There are also categorical types, where

:::R | Type | Example | Conversion Function(s) | |——|———|———————| |character (“string”)|“hello”|as.character| |numeric|51.5|as.numeric| |logical|TRUE or FALSE|as.logical| |date|January 5, 1932|as.Date or lubridate::ymd(“2001-01-02”)| :::R

3.1.4 Combined types

We’ll encounter many more specific types in this course. As time goes on, we’ll look at complicated data types like regression models or word embeddings; there are also simpler ones like dates and so-called ‘functions.’

Most of these are formed by combining together other data types in various ways. There are two especially important ways of combining data together.

3.1.4.1 Vectors

One is the vector. A vector is, simply, a sequence of data points of the same fundamental type. It is created by writing a comma-delineated list, and wrapping it in parenthesis with a c at the beginning. (That c is technically another basic data type called a ‘function’; we’ll explore it more later.)

What distinguishes a vector from just a sequence of elements (which is called, in R, a list is that each piece must be of the same type. A vector can contain strings or letters, but not both. In fact, if you try, R will quietly correct you by turning them into the same type.

c("a", "b", "c")
## [1] "a" "b" "c"
c(1, 2, 3)
## [1] 1 2 3
c(1, 2, "3")
## [1] "1" "2" "3"

3.1.4.2 Dataframes (tibbles)

Most data is about something.

If you add one more layer of abstraction in R you reach the “data frame.” This is the fundamental unit of data we’ll work with: it represents a series of vectors bound together into, as the name implies, a frame.

A dataframe resembles a more formalized version of a spreadsheet: it has columns that represent data series, and rows that represent a single observations.

Each of these columns has names that represent the type of data stored in them.

You can create a dataframe by defining each of the lists, as below. In reality, though, you will almost always read data in from elsewhere.

library(tidyverse)
tibble(city = c("Boston", "New York", "London"), population = c(600000, 8000000, 6000000))

3.2 Formal languages

To manipulate data, you need a formal language. Computers are literal beasts, and they require incredibly explicit instructions to get anything done. As with 1,789, computers tend to have only a single way to work with abstractions that human beings approach in a variety of ways. To work with data, you have to learn at least one of the computational ways of looking at this data.

There is no one, single thing called ‘computer programming’ that you can do or not do; and programming can take place outside of computer. There are, instead, a wide variety of formal languages–many of which have been developed for computers, but some of which precede them or work outside them–that can be used to describe operations on digital artifacts.

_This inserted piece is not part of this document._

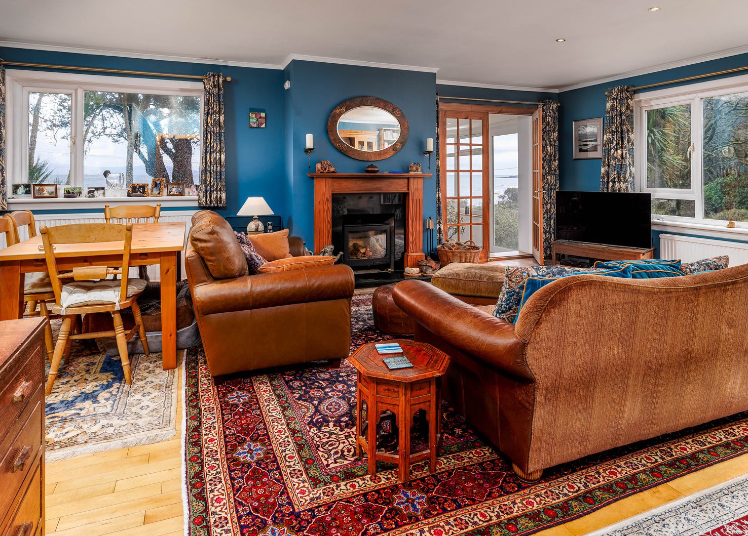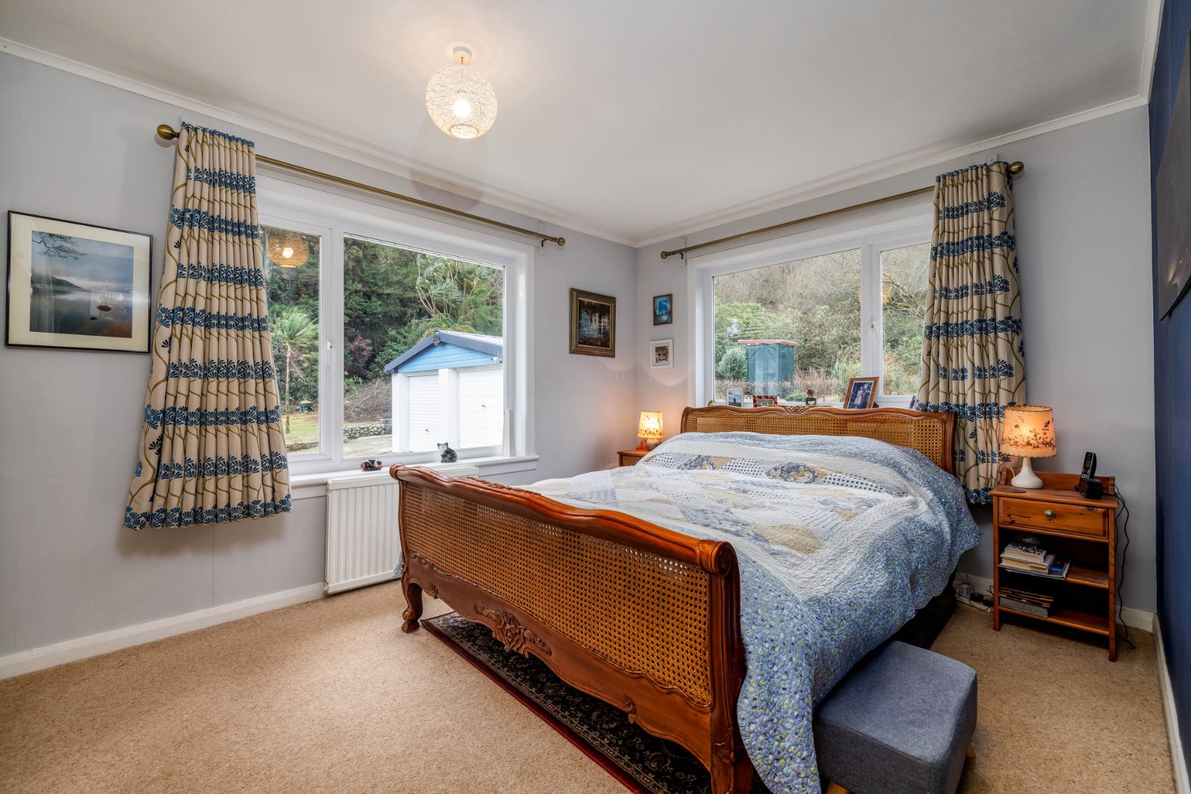 Kildonan is a delightful, detached bungalow- style home in a situation of great natural scenic beauty. The house occupies a wonderful sheltered ‘amphitheatre’ with surrounding landscape formed by steep-sided hills and woodlands underplanted with rhododendrons and from the sheltered position there are sublime aspects out across the seascape of the Kilbrannan Sound towards the land mass of the island of Arran adjacent.

A formal language is at once incredibly expressive and incredibly limiting and frustrating. It is frustrating because it limits you; everyone wants to be able to just tell a computer what to do, and the train of errors that result from a basic command will drive you crazy. But it is, at the same time, expressive because it lets you describe almost anything you might want to describe. It also offers a firm vocabulary of operations that make it easier for you to think about doing things that might not occurr to you.

Here, for example, is a resilient formal language that describes one way of making sound:

Manuscript of the c-minor fugue from the Well-tempered clavier Digital Image from the British library: http://www.bl.uk/manuscripts/Viewer.aspx?ref=add_ms_35021_f001r.

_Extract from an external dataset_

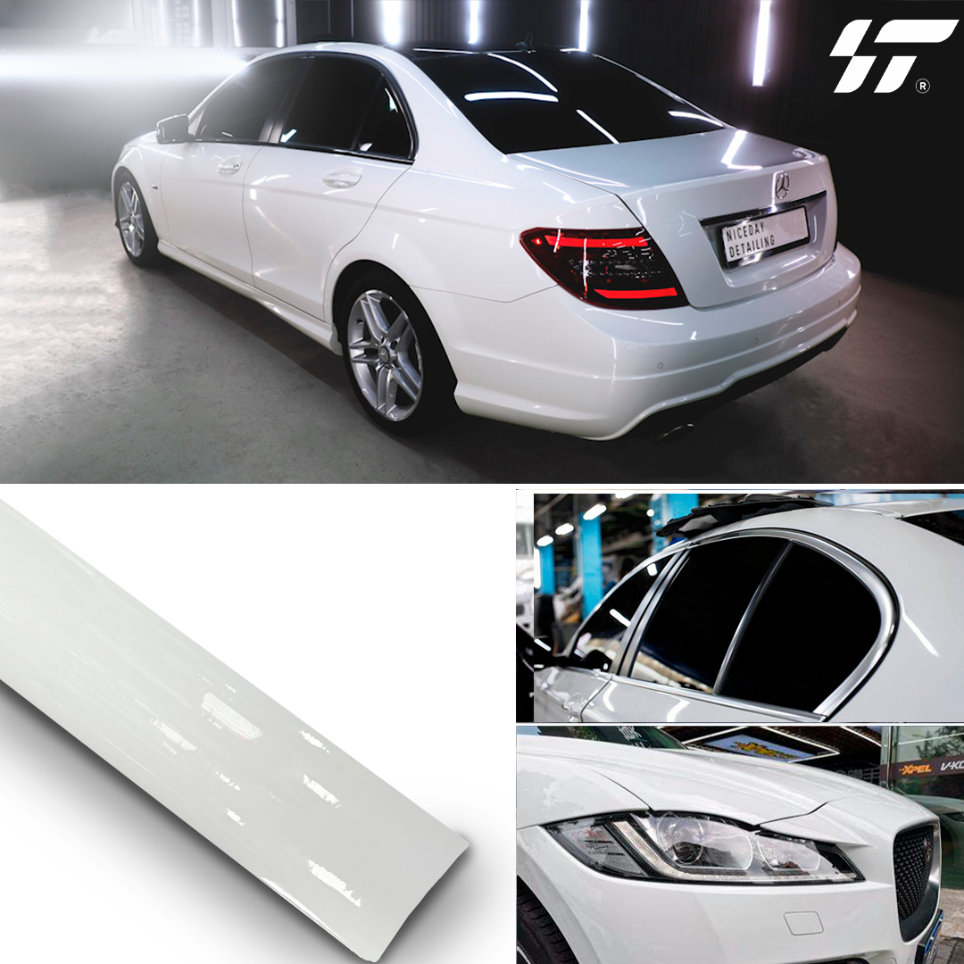 - Роскошный внешний вид: Пленка обладает ярким глянцевым блеском, придавая автомобилю элегантный и современный вид. Белый цвет создаёт эффект чистоты и свежести.

Western notation builds in a number of notationary conventions that allow it concisely express music. It assumes that pitches twice as fast as each other are fundamentally the same (“octaves”), and divides the smooth spectrum of pitches between octaves into 12 ‘notes’; it encodes duration with an assumption that durations will map to the powers of two (‘quarter notes, ’eighth notes,’ ‘sixteenth notes’); and it easily encodes concurrency of multiple voices moving at the same time. Having evolved alongside a particular musical tradition, it works well at quickly allowing the assumptions of that tradition to be realized (in the piece above, Bach moves the 24 major and minor keys that had coalesced by his time); but struggles or breaks down entirely when dealing with attempts outside that tradition, as in Olivier Messiaen’s well-known attempts to transcribe birdsong in his Catalog d’oiseaux.

Messiaen, ‘Loriot’ from Catalog d’oisaeux.

This is the fundamental tension of all computer languages: that they can be expressive and generative in one dimension, but foreclose other possibilities.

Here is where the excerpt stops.